Several research studies have suggested that the cholesterol-lowering medications known as statins may lower chronic inflammation among people with HIV and protect them against its harmful effects. But results from a study that provides gold-standard scientific evidence of such benefits from statins are still lacking. Researchers are currently enrolling a planned 6,500 participants into such a trial, called REPRIEVE. The study includes people with HIV who are taking ARVs and who wouldn’t normally be in a position to take a statin; they will be randomized to either receive a statin or a placebo. The study will hopefully answer whether statins’ anti-inflammatory effects will translate into a lowered risk of disease, such as heart attack or cancer, among people with HIV. Unfortunately, results aren’t expected until 2021.
Other on-the-market medications currently under investigation as anti-inflammatory agents for people with HIV include Micardis (telmisartan), a blood-pressure medication, and the diabetes medication Vildagliptin (galvus). Research has already shown that aspirin does not apparently help HIV-related inflammation.
Scientists are also investigating to see whether probiotics, which promote desirable bacteria in the digestive system, may affect the body’s so-called microbiome in a way that helps lower gut-related inflammation.

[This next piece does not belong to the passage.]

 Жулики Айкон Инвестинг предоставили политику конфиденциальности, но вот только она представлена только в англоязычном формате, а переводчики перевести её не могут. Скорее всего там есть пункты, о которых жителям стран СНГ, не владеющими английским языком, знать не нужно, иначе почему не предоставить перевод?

Seeking to directly affect inflammatory pathways, researchers are looking at drugs used for inflammatory diseases, like the autoimmune disease rheumatoid arthritis, and are even looking at some cancer treatments. Other research is examining drugs that inhibit major indicators of inflammation, called biomarkers, such as the cytokines interleuken-1 or -6 (IL-1, IL-6).
Experts generally agree that a cure for HIV, if it is ever developed, remains decades away (contrary to recent erroneous news reports). In the meantime, as researchers strive to develop ways to shrink the size of the viral reservoir and, in turn, likely reduce low-level viral replication, they may wind up with treatments that, even if they don’t cure someone, end up dampening chronic inflammation.

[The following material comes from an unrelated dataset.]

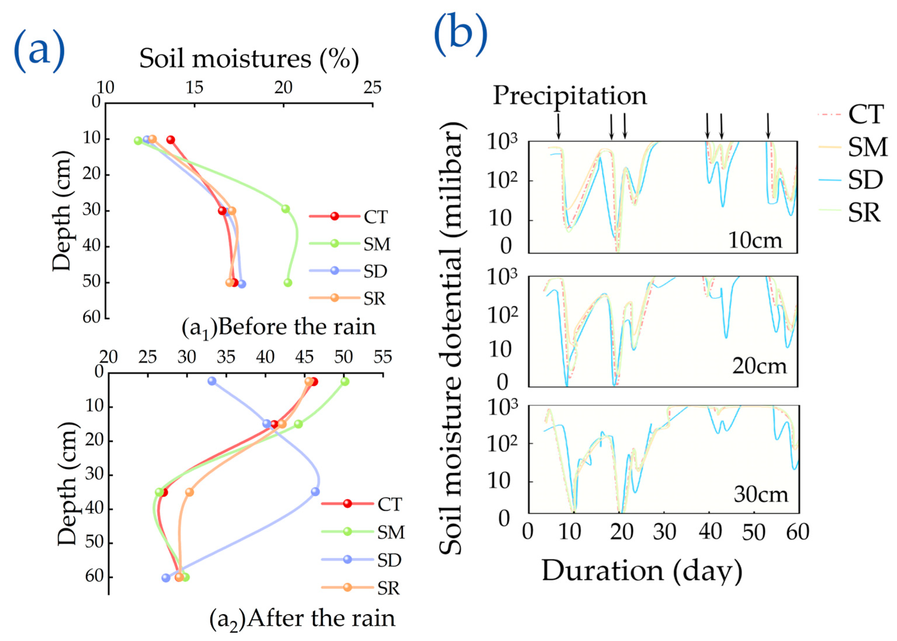 Soil moisture dynamics monitoring results showed that during the second growing season, daily monitoring of soil moisture dynamics under four treatments was conducted using tensiometers (Figure 5b), revealing significant differences in hydrological responses of underground drainage patterns. After rainfall, the soil pore water potential (mbar) of each treatment showed obvious differences: the SM treatment had higher pore water potential than the CT treatment at 10 cm and 20 cm depths, which was the highest among the four treatments, while the pore water potential at 30 cm depth was lower than that of the CT treatment; the SD treatment consistently had lower pore water potential than the CT treatment at 10 cm, 20 cm, and 30 cm depths; the difference in pore water potential between the SR treatment and the CT treatment was small, showing an overall fluctuating trend. Quantitative analysis indicated that compared with the CT treatment, the SD treatment reduced the number of days with pore water potential exceeding 1000 mbar by 3.5 days at 10 cm depth, 8.5 days at 20 cm depth, and 9.5 days at 30 cm depth. It is noteworthy that the surface soil of the CT treatment showed a rapid drainage response, with pore water potential dropping below 10 mbar after rainfall, indicating an oversaturated state. In contrast, the SD treatment had a moderate drainage rate, and the pore water potential at 10 cm depth remained at a relatively high level, which not only improved soil water retention capacity but also avoided waterlogging by enhancing underground drainage channels.

Things you can do to fight chronic inflammation and its potentially harmful effects:
According to Deeks, the long-term damage caused by HIV-related chronic inflammation may be easier to prevent when people are younger, as opposed to reversing the damage once people are elderly.
Ways to prevent such damage include:
- Early treatment. Research has shown that starting ARVs as soon after infection as possible reduces the likelihood of health problems linked to inflammation, such as heart attack and certain cancers.

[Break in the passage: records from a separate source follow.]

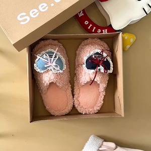 可爱蝴蝶结爱心毛毛拖鞋女外穿2025秋冬季居家防滑保暖一字棉拖鞋
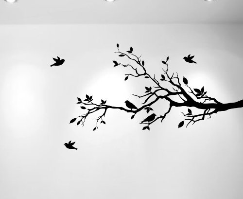 Tree Branches Wall Decal Love Birds Vinyl Sticker Nursery Leaves 56" Wide X 28" High (Right to Left, Matte Black)
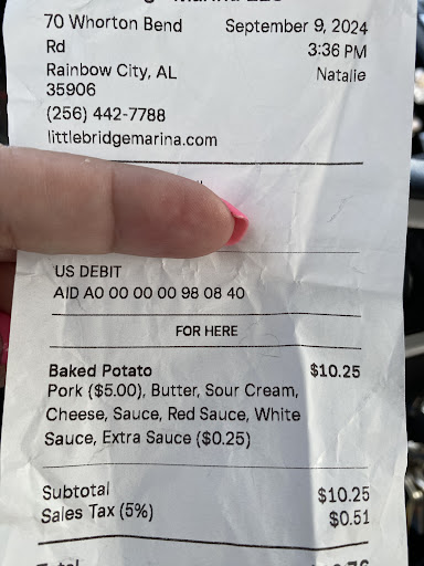 Read moreOkay, we have been driving by this place for probably two years and have always wanted to try it. Well, we finally got the opportunity. After going to an estate sale, we didn't feel like driving all the way into Gadsden. So we pulled into the Little Bridge Marina Barbecue. I have to say, I am glad we did! This place is a gem! Had the smoked beef brisket, along with hash brown casserole and baked beans, and it came with cornbread muffins. This may have been the best smoked beef brisket I've ever had. I was able to cut it with the plastic fork and knife that it was served with. When I first saw the plastic, I thought eh this isn't gonna be a good thing, But once I tried cutting it, the plastic knife slid right through the brisket. It was literally perfectly cooked. And I gotta tell ya, the hash brown casserole was great! And the baked beans had little pieces of smoked pork in it. Extremely tasty! I would definitely recommend stopping in to the Little Bridge Marina Barbecue on 77 in Southside, Alabama and having lunch or dinner, or carry it out to your campsite or to your picnic You will definitely not be disappointed! Oh yeah,...

- Take your ARVs every single day. Recent research found that anything less than 100 percent adherence was tied to higher inflammation.
- Don’t smoke. Smoking is especially harmful among people living with HIV (not to mention highly common) and can exacerbate inflammation in the arteries.
- Eat a healthy diet. Research has shown that the so-called Mediterranean diet reduces the risk of heart attack or stroke.
- Get moving. Regular exercise reduces your risk of numerous health problems.
- Shed body fat. Fat tissue may be a source of inflammation.
- Treat coinfections. Hep C is now curable through as little as eight weeks of treatment, and hep B is treatable. Both infections can cause severe damage to the liver; even well-treated HIV can accelerate such damage.